When Labour MP Neil Coyle took to Twitter for his extraordinary rant against Jacob Rees-Mogg and Brexit voters, he perfectly summed up Keir Starmer’s main problem as Labour party leader: it’s his party.
In purely political terms, Starmer himself has done well, dampening down internal Labour party dramas, showing himself as relatively normal and clawing his way to level-pegging in the polls after a summer of Covid chaos for the Government. However Coyle’s outburst – for which he has since said sorry – shows the danger his MPs and activists pose to his ambitions when it comes to the politics of identity – of aligning to certain types of people over others.
As leader of this ravaged, interest group-dominated, bureaucratic nightmare of a party, Starmer cannot completely avoid these muddy waters. His flip-flopping on Black Lives Matter is one example of this. One minute he was taking the knee to the activists, the next he was backtracking to call BLM merely a ‘moment’ and distancing himself from their revolutionary agenda. After a ticking-off from black Labour MPs and activists, he turned once more, telling black journalists, with some adroit lawyerly footwork, ‘This is not a moment for not standing with the Black Lives Matter movement’ and later promising to take unconscious bias training.

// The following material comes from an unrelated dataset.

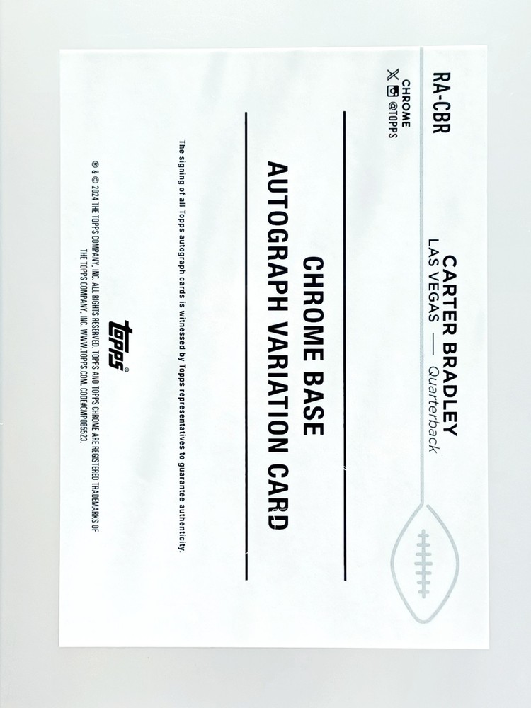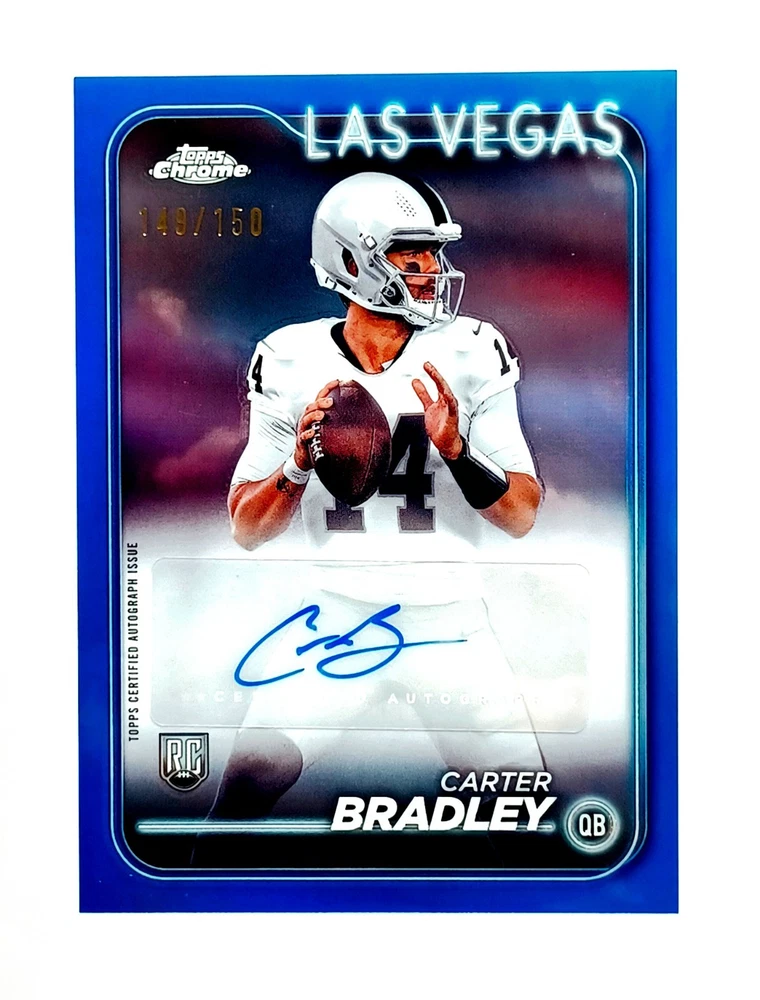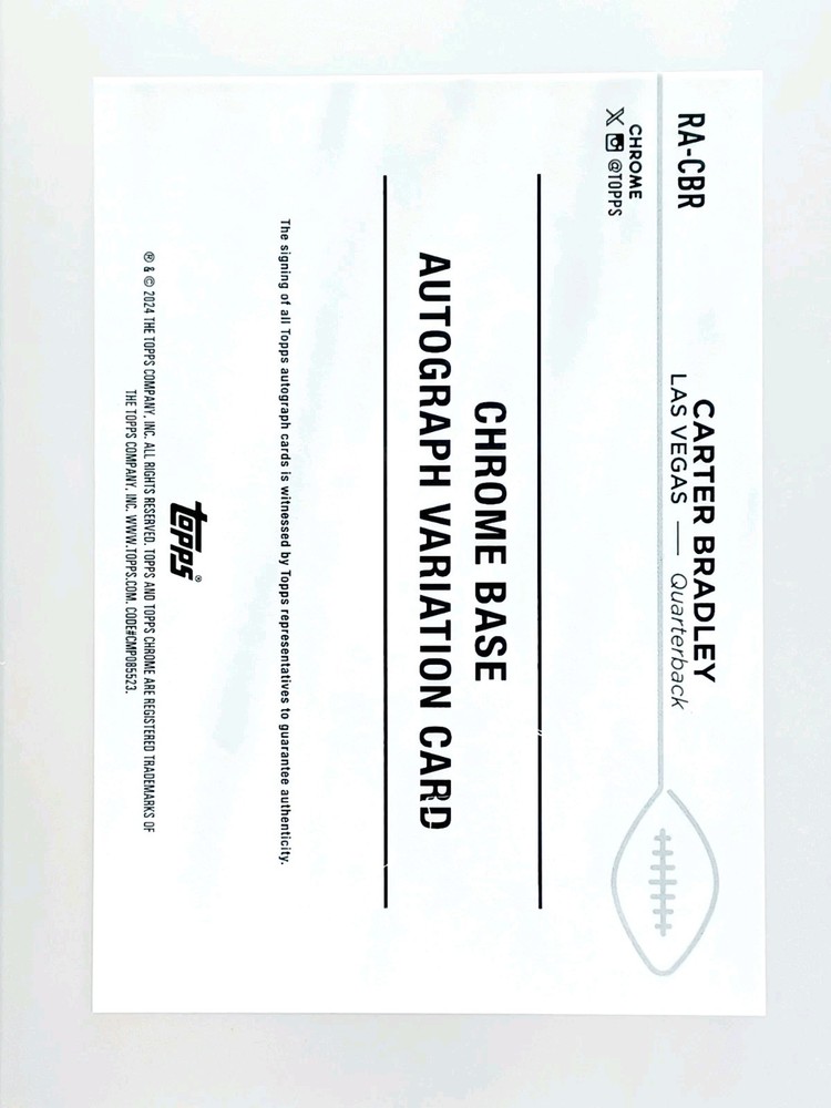 Daily auctions starting at $0.01 free shipping The Rookie Auto RC 2024 Prizm Topps Chrome 10 Carter Bradley /150 football card is a highly sought-after collectible item for football fans and card enthusiasts. This limited edition card features an autograph from Carter Bradley, a rising star in the National Football League, making it a valuable addition to any collection. Produced by Topps, this card is part of the 2024 Topps Chrome set and is authenticated by Topps, ensuring its authenticity and quality. With only 150 copies in existence, this card is a rare find for fans looking to own a piece of football history.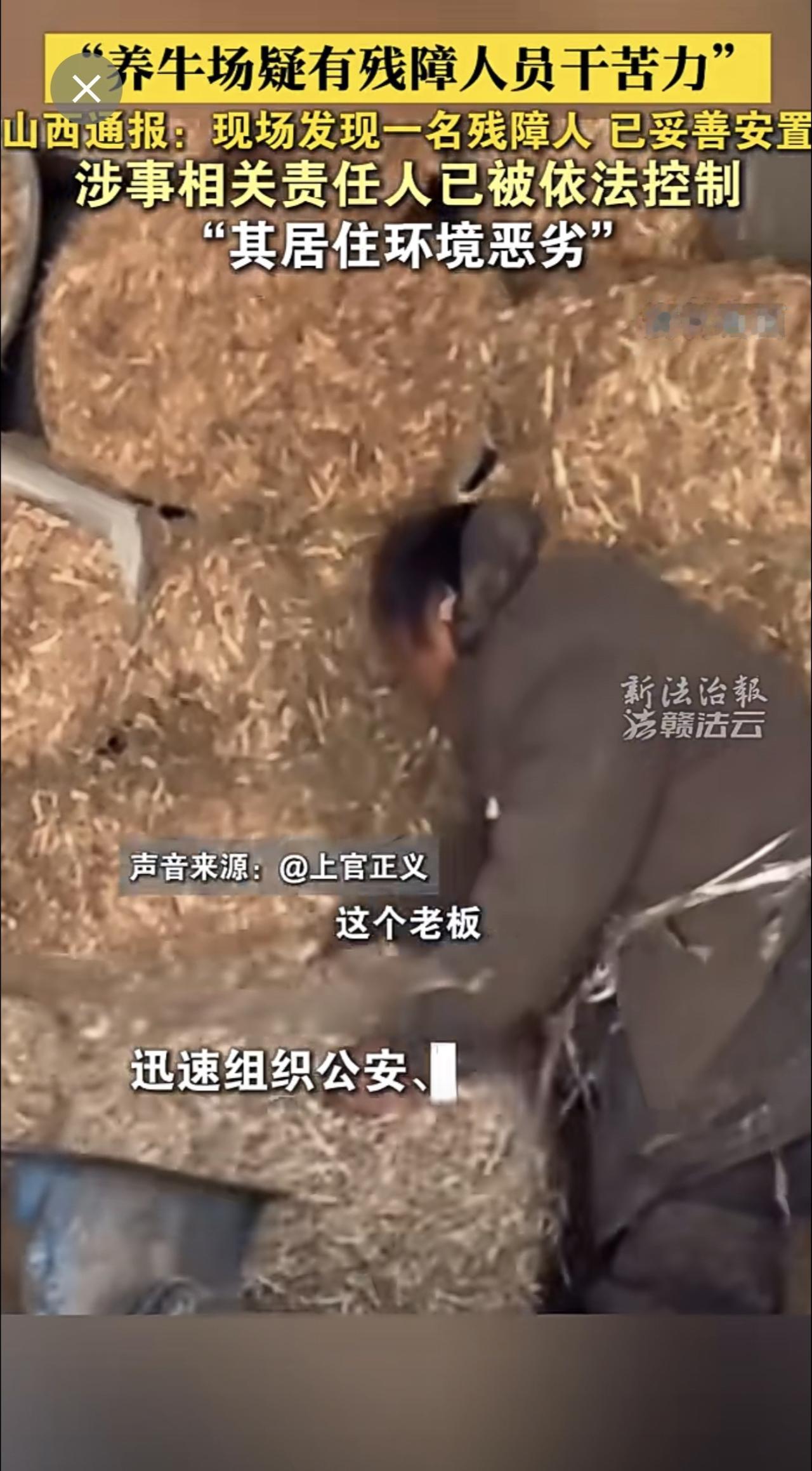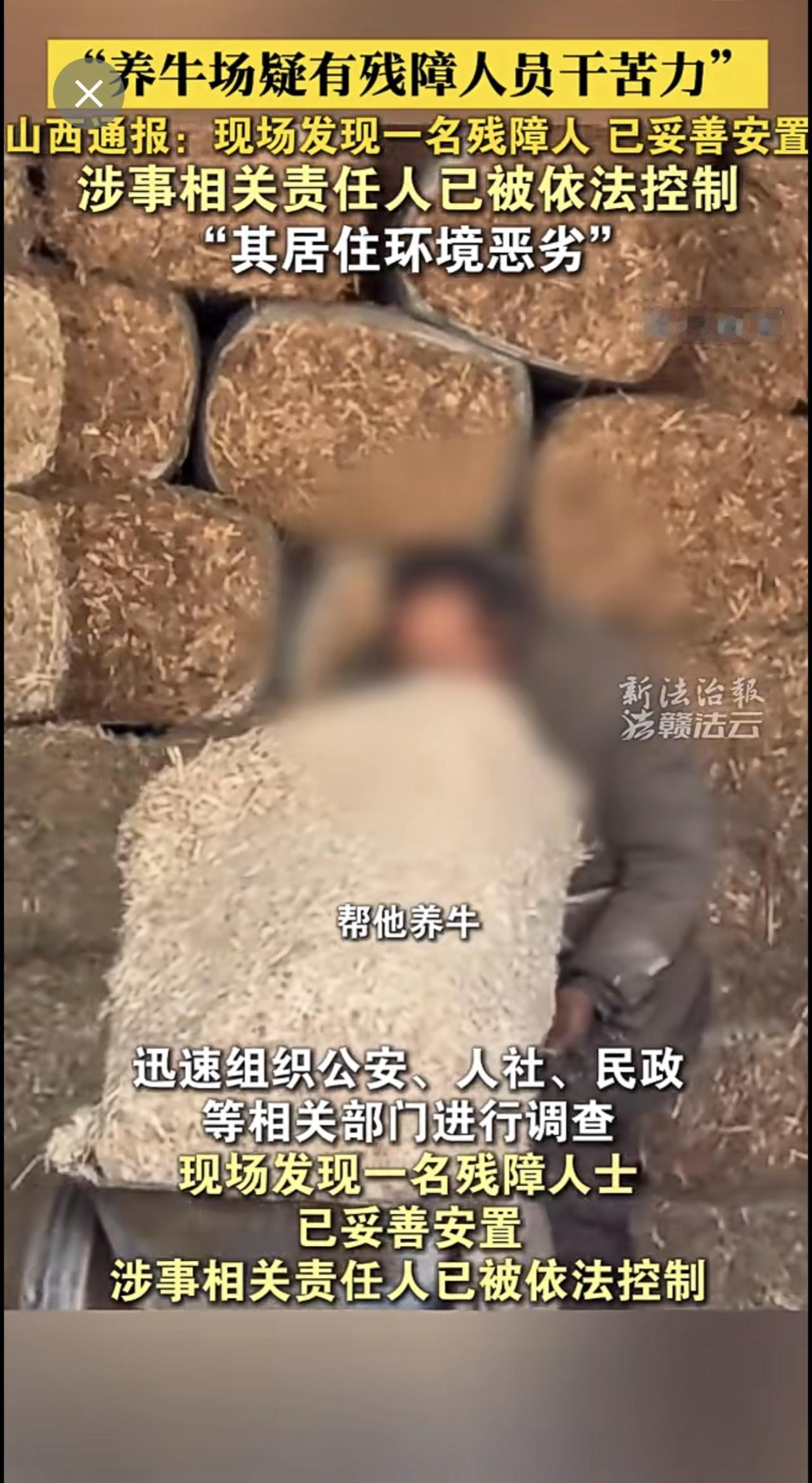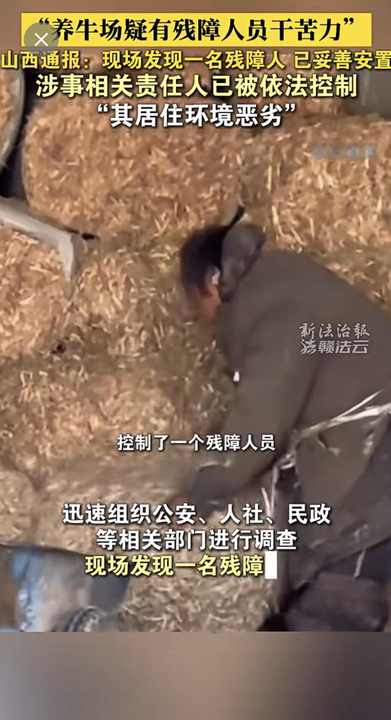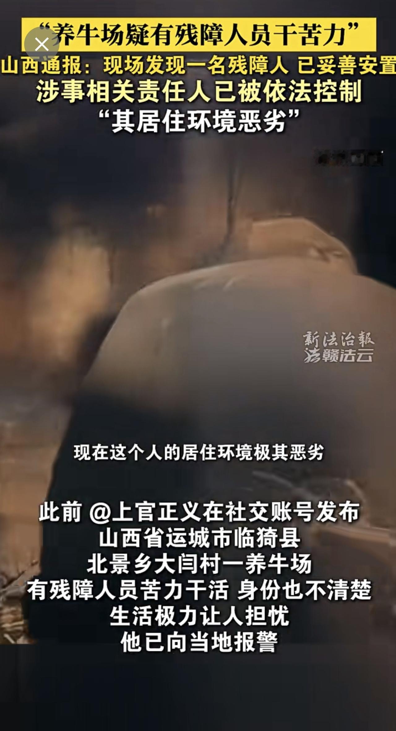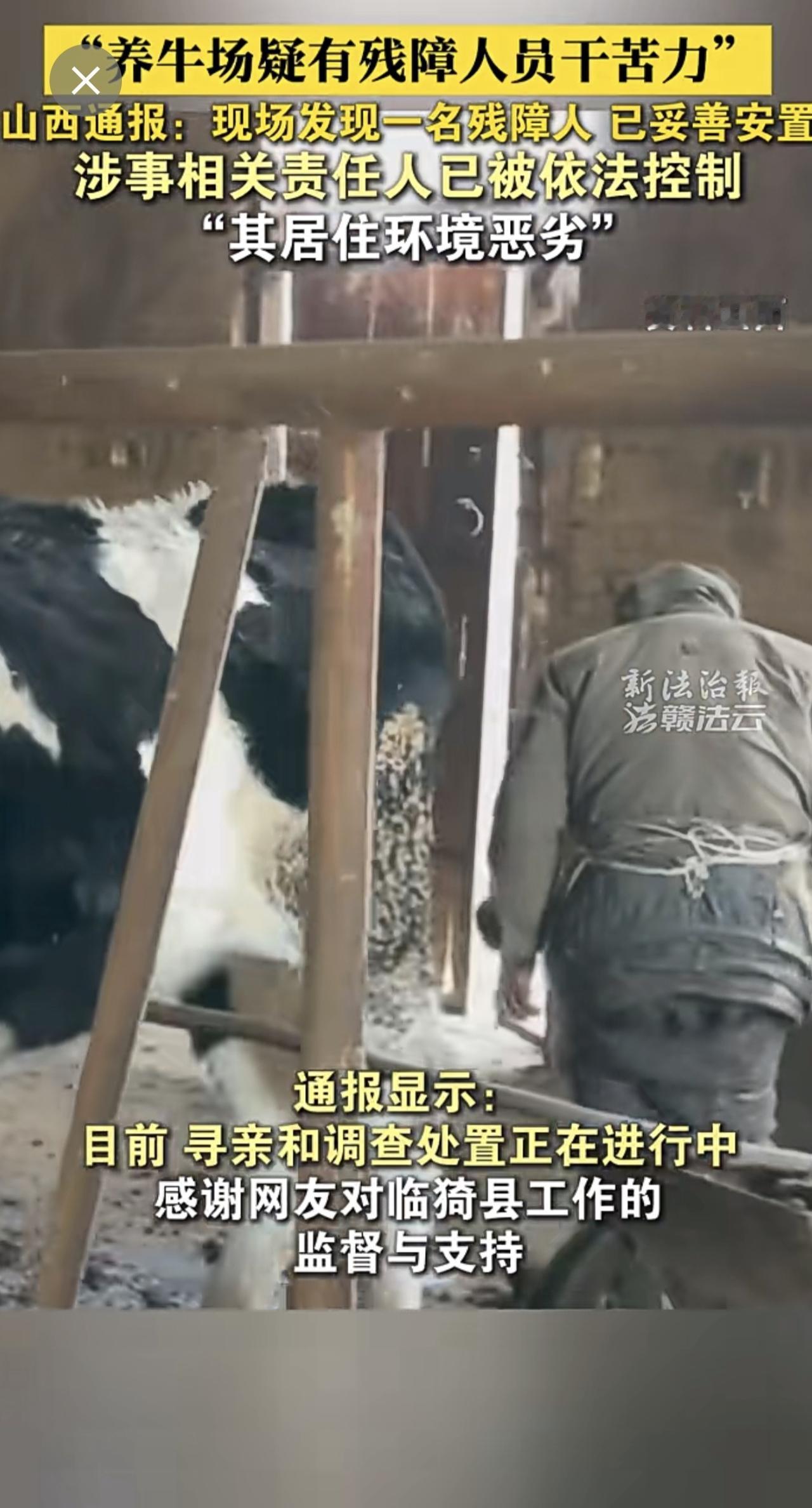 山西临猗通报“养牛场疑有残障人员干苦力”:现场发现一名残障人士,已妥善安置,涉事相关责任人已被依法控制。(来源:新法治报·赣法云客户端 熊玮)残障人员 山西 通报

Starmer has taken further flak from MPs and activists as part of continuing recriminations over perceived anti-Corbyn bias and the sympathetic treatment of anti-Semitism complaints. New MP and Corbyn loyalist Claudia Webbe has referred to how ‘black members are saying they don’t feel safe and welcome in our party’ and others have complained of racism and sexism by party staff and even fellow MPs, albeit while revealing few details. Starmer has met several times with representatives of the BAME staff network to hear complaints and receive demands.